Directions for this task | Please print the line that holds "更改软件默认的安装位置,如不需更改,直接点击【继续】即可。" and each line after it to the end of the data, word for word, without any pictures.

Material provided |
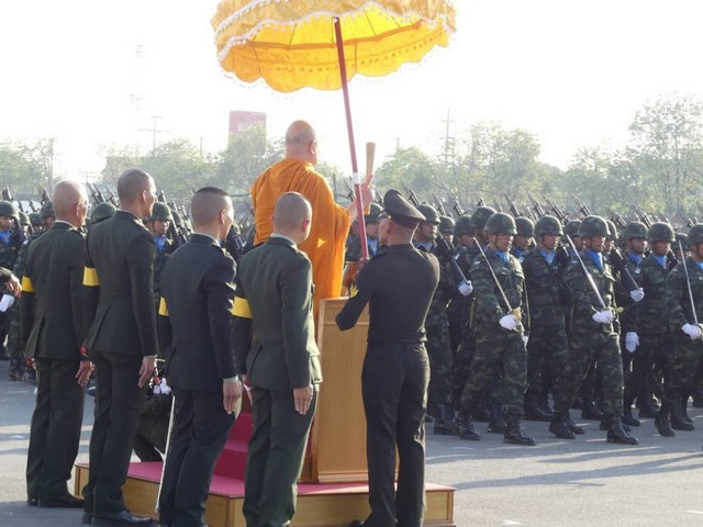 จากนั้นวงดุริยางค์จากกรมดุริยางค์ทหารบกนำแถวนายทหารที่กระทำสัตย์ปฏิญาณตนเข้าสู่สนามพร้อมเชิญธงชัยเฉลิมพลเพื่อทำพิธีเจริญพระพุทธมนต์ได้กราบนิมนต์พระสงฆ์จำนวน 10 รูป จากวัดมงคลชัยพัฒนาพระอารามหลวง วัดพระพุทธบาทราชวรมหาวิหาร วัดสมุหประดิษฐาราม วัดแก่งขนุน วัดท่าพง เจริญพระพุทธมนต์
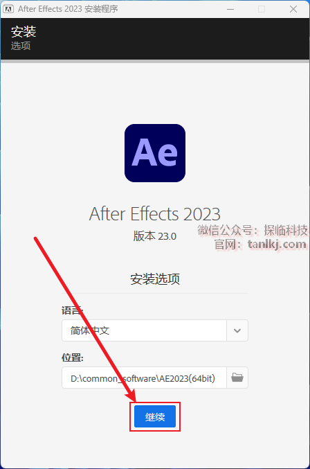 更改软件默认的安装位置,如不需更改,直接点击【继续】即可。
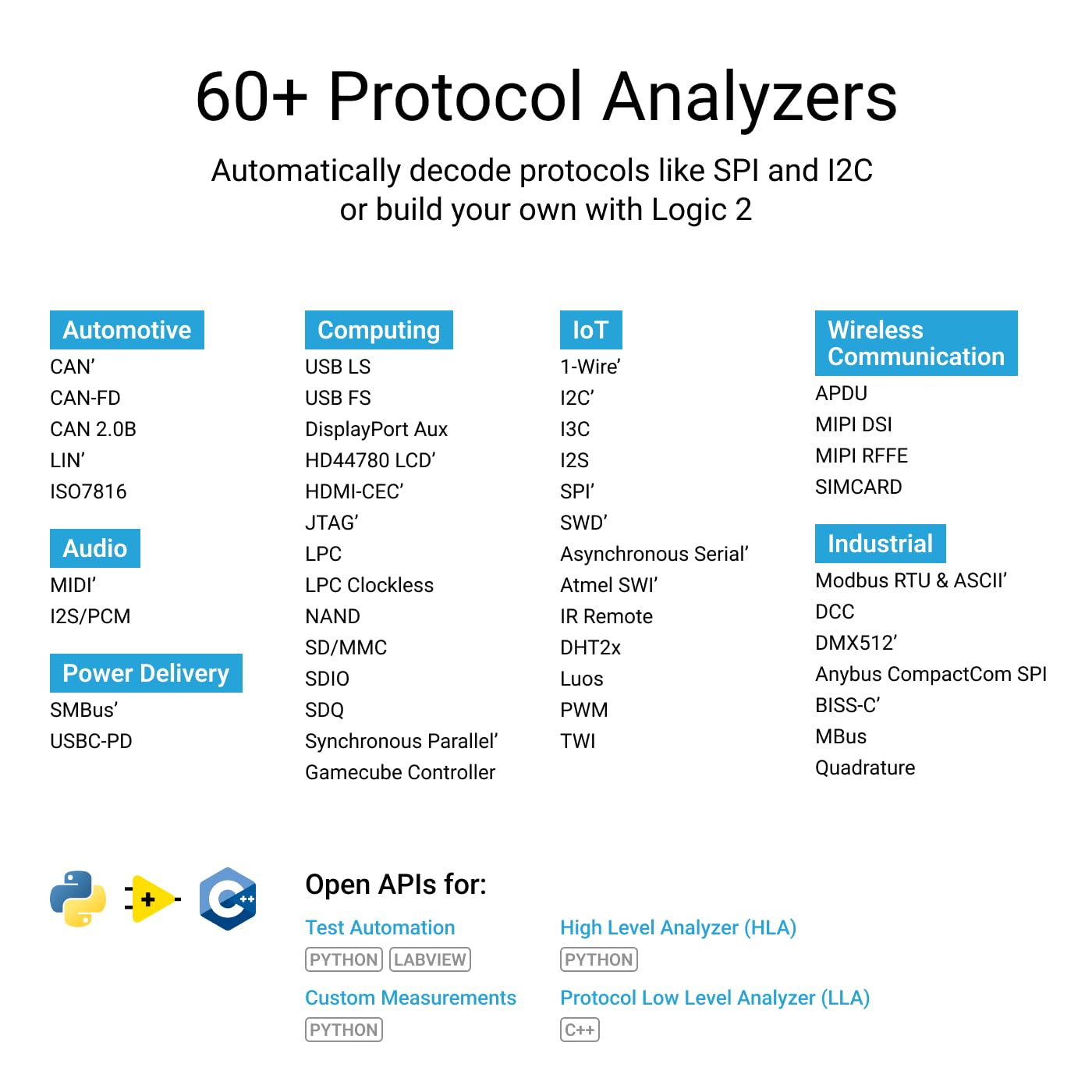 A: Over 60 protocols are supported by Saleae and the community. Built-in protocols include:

Finished exercise |
 更改软件默认的安装位置,如不需更改,直接点击【继续】即可。
 A: Over 60 protocols are supported by Saleae and the community. Built-in protocols include:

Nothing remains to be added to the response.